【FF15】 同じ夢を、あなたと (イグニス・R18)
第25章 証
今日のせめてものお礼にとグレイスに一番風呂を譲られ、一足先に湯上がりをリビングで涼んでいると、グレイスがドライヤーを片手に戻ってきた。
「イグニスごめん、うるさくなっちゃうけどこっちで髪の毛乾かしていいかな?」
わーリビング涼しい〜、と湯上がりの熱がクーラーで冷えていくのを喜んでいる、公の場では決して見られないリラックスしたグレイスの様子が微笑ましい。

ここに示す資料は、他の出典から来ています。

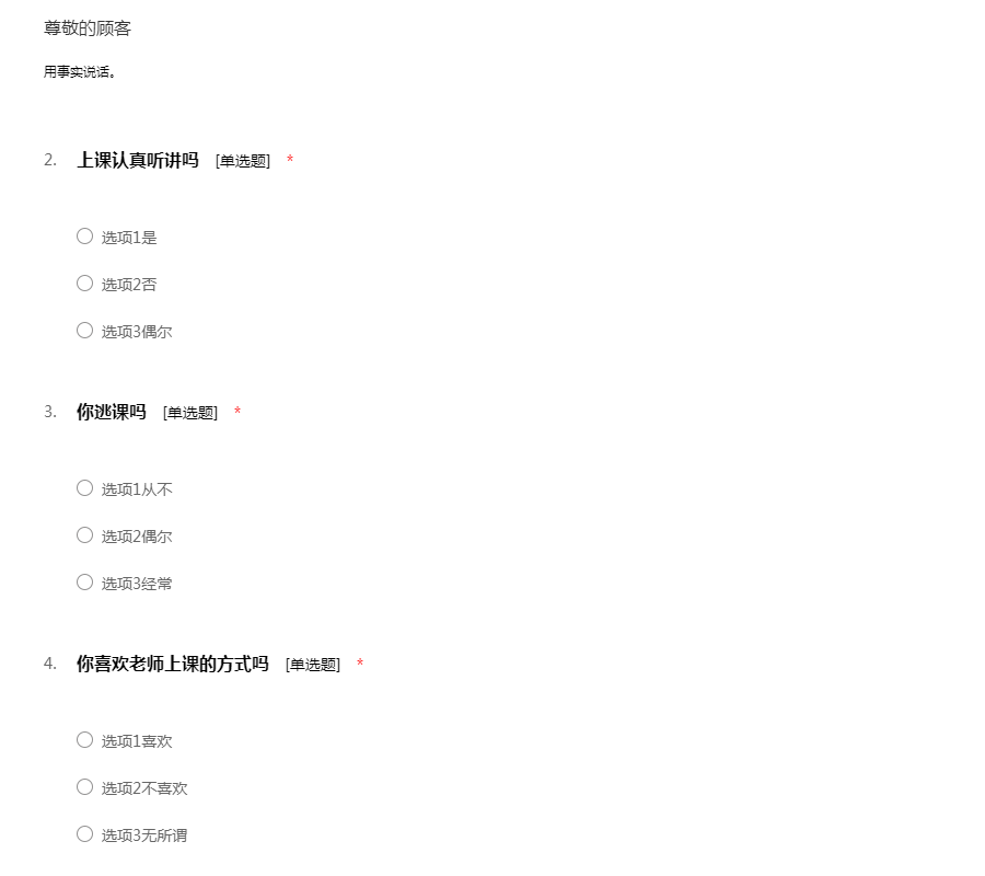 您好!为更好的了解我校的办学水平,了解家长对教育的需求,进一步提高服务质量,我们真诚邀请您参与我们的问卷调查(不记名调查),您的意见和建议是我们不断进步的永恒动力!
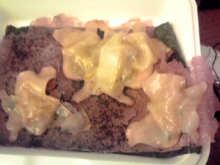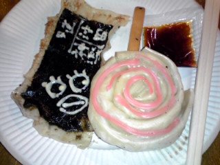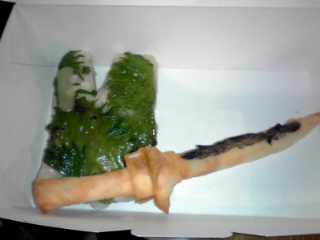 『銀八先生のレロレロキャンディー餃子』 銀八先生のペロペロキャンディー型に作った鶏肉餡の渦巻き 餃子と、黒板を表現したのり餃子のセット。 ![]() 「のり餃子」とは名ばかりで、餃子の皮に海苔を乗せただけの代物です。正直美味しくなかった(^^;)。キャンディー部分は中身が結構ミッチリ詰まっていたので、見た目以上にボリュームがありました。 |
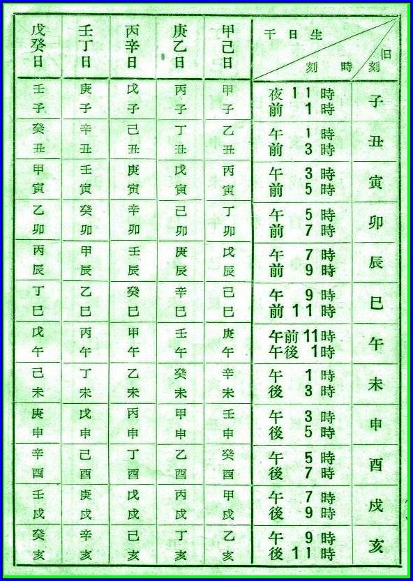 生まれた時間の干支がわかる一覧表は
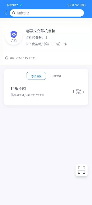 第二步:选择需要处理的点检任务选扫描设备二维码,成功匹配进入录入实绩页面,
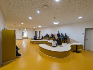 Gruppenräume mit modernen Lerninseln: Der erste Gruppenraum wurde ebenfalls einer Transformation unterzogen, um optimale Lernumgebungen zu schaffen. Jeder Raum beherbergt nun zwei Lerninseln, die durch trennende Wände einen individuellen Arbeitsraum bieten. Barhocker an den breiten Fensterbänken und die geplante Integration von Schließfächern für iPads unterstreichen die fortschrittliche Ausstattung. In den größeren Gruppenräumen ist außerdem Barrierefreiheit gewährleistet.
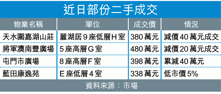 【本報訊】政府收緊按揭,一手提供二按盡吸市場購買力,二手業主惟有減價沽貨,其中天水圍嘉湖山莊一個三房單位,業主原本叫價企硬,辣招後態度軟化,減價近一成沽出單位。

二人分の湯上がりの湿気が籠もった洗面所ほさぞ蒸し暑かったのだろう。
「あぁ、もちろん構わない。向こうは暑かっただろう。
そうだ、もし良ければ今日はオレがグレイスの髪を乾かしても良いだろうか?」
「えっ。ダメじゃないけど…自分でやるよ?」
「いいや、オレがやりたいんだ」
グレイスからドライヤーを受け取り、イスへと座らせる。
後ろへ回って見ると、長く伸びた毛先からはまだ重たそうに水が滴っており、先にもう少し拭いた方が良さそうだ。

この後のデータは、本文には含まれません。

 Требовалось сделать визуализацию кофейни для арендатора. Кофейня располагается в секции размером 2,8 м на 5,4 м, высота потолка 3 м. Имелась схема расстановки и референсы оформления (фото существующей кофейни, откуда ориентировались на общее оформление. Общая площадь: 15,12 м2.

グレイス肩にかかっているタオルを手に取り、そっと頭皮や毛束をきゅ、きゅ、と包んでいく。
「すごく優しく拭いてくれてるよね、ありがとう」
「当然だ」
自分の髪に対しては時間優先で雑にゴシゴシとタオルで擦ってしまうが、ここもグレイスの身体の一部なのだと思うと丁寧に扱ってやりたくなる。
ある程度水気が取れたところでドライヤーを手にしようとしたところ、その前にアウトバストリートメントなるものを付けるのだと教えられる。それを手で付けた後、全体に馴染ませる為に目の荒い櫛で髪を梳かすのだが、上から一気に通そうとすると絡まりに引っかかることがあるので毛先の方から徐々に…と。
それからようやくドライヤーの風で乾かしていくのだが、オレの短い頭髪とは異なり、長い髪が重なる頭皮を乾かしていくのはなかなかに時間のかかる工程だった。
そして、最後は冷風を当ててキューティクルを整えて仕上げとしているらしい。